---- Dataset

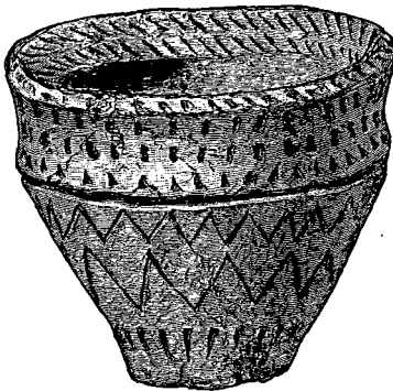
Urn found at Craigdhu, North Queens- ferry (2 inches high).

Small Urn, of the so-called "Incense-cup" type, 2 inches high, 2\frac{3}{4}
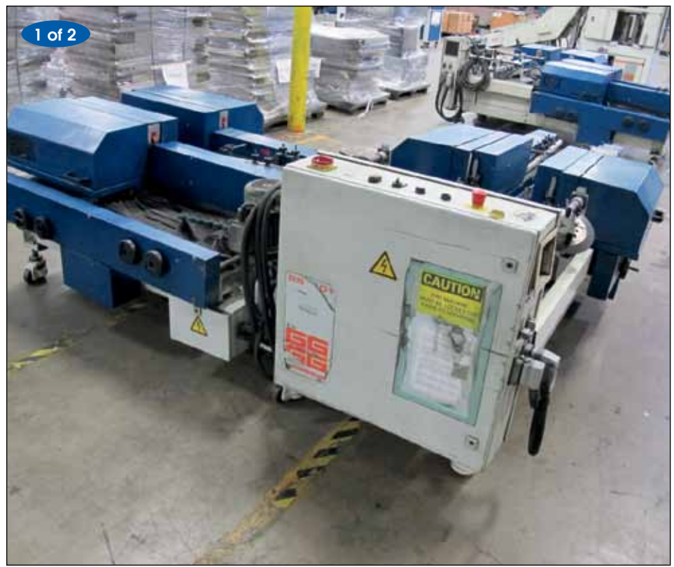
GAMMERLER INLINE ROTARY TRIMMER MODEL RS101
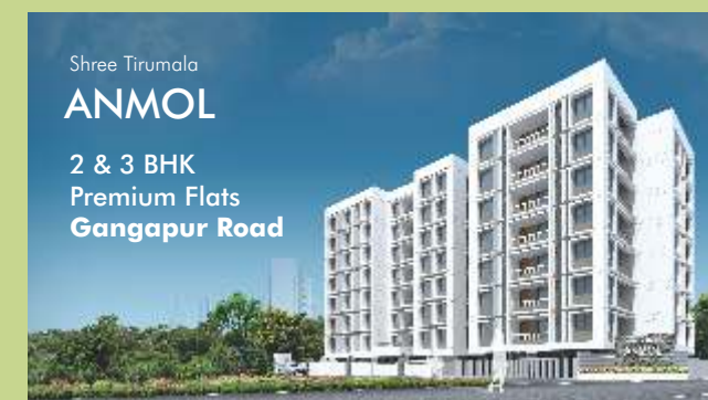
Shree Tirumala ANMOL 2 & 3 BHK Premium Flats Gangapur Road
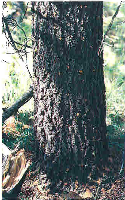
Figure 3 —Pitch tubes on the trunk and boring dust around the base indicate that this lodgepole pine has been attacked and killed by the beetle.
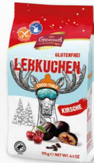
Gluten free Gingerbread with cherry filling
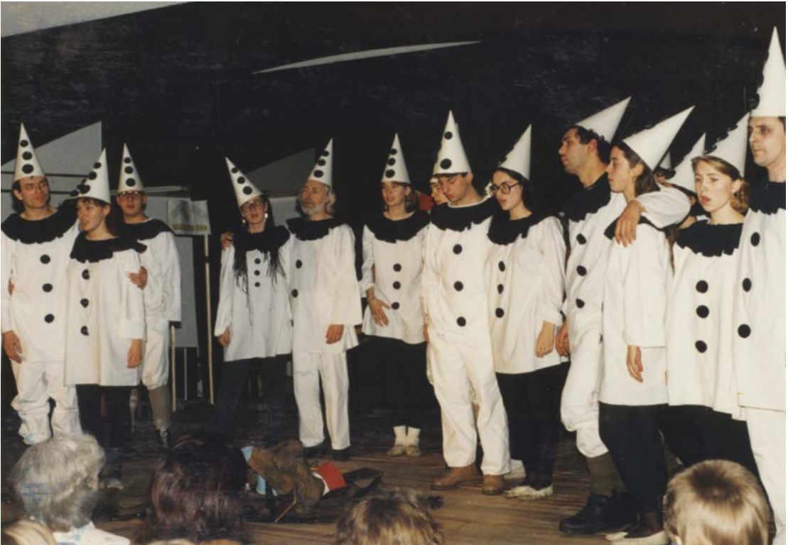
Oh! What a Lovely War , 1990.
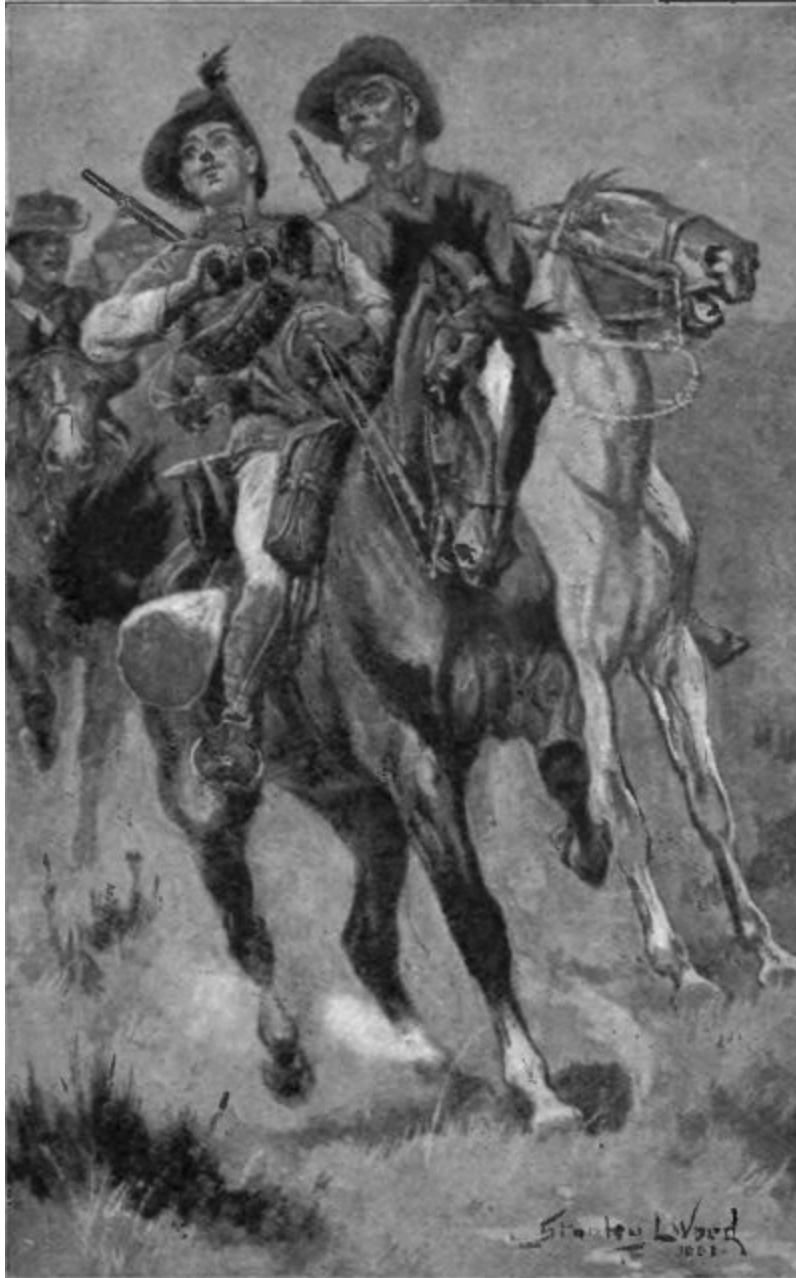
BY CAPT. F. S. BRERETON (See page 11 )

--------
---- Dataset

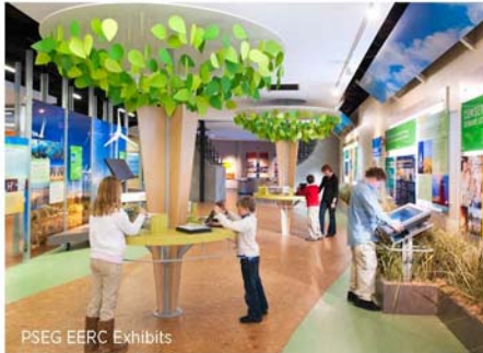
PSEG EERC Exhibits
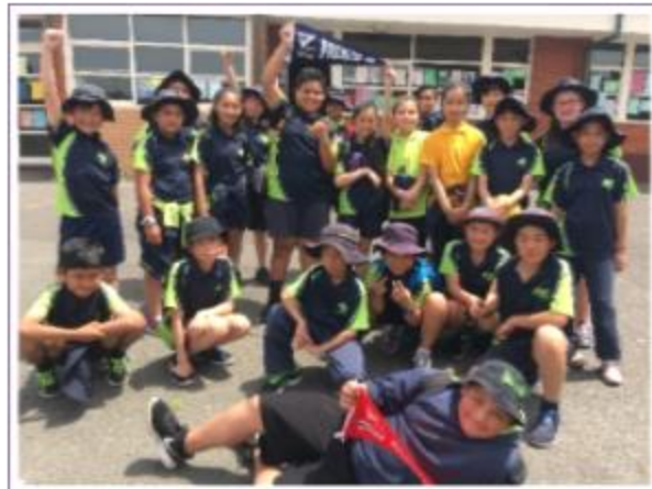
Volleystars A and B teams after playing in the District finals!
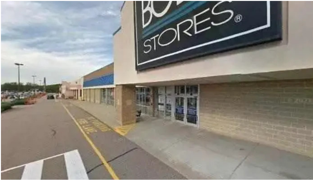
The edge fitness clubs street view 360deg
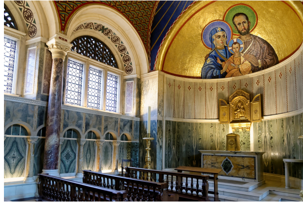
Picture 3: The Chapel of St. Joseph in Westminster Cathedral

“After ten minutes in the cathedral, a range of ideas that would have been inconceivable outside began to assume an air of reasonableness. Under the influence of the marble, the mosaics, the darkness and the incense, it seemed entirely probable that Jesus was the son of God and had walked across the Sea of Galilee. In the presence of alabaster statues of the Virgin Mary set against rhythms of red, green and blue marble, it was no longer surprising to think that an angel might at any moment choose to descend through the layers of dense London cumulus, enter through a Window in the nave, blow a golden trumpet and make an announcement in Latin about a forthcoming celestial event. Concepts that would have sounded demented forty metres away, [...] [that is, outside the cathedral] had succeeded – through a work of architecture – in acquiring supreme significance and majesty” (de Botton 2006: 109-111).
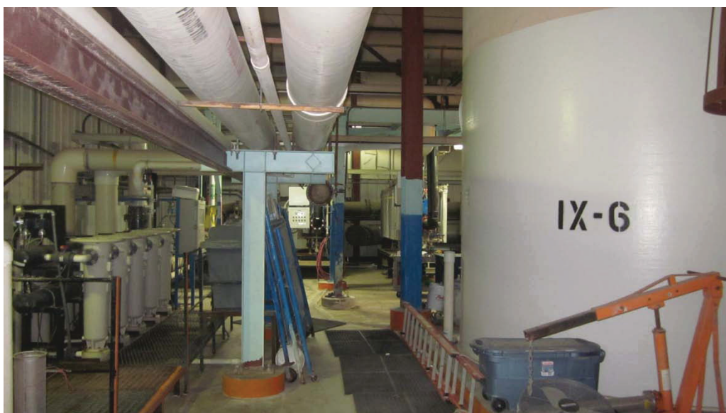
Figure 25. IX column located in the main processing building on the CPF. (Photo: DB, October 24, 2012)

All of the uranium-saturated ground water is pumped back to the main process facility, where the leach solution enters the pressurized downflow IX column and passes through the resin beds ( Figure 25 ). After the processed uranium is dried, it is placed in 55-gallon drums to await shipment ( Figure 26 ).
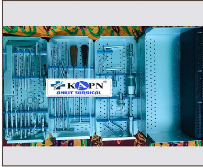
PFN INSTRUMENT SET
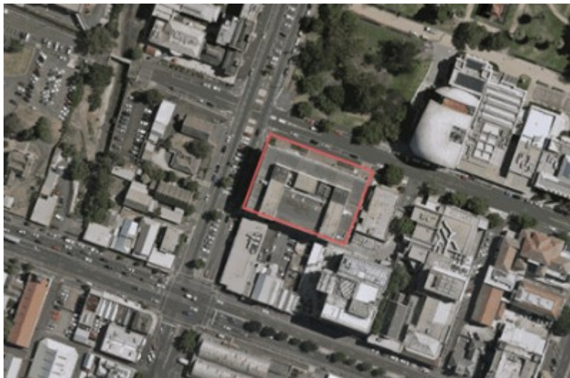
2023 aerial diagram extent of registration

--------

# Assignment:
Look above and copy only the lines from the one holding "Urn found at" to the one holding "Shree Tirumala ANMOL", both included, exactly, minus the pictures.

# Response:
Urn found at Craigdhu, North Queens- ferry (2 inches high).

Small Urn, of the so-called "Incense-cup" type, 2 inches high, 2\frac{3}{4}
GAMMERLER INLINE ROTARY TRIMMER MODEL RS101
Shree Tirumala ANMOL 2 & 3 BHK Premium Flats Gangapur Road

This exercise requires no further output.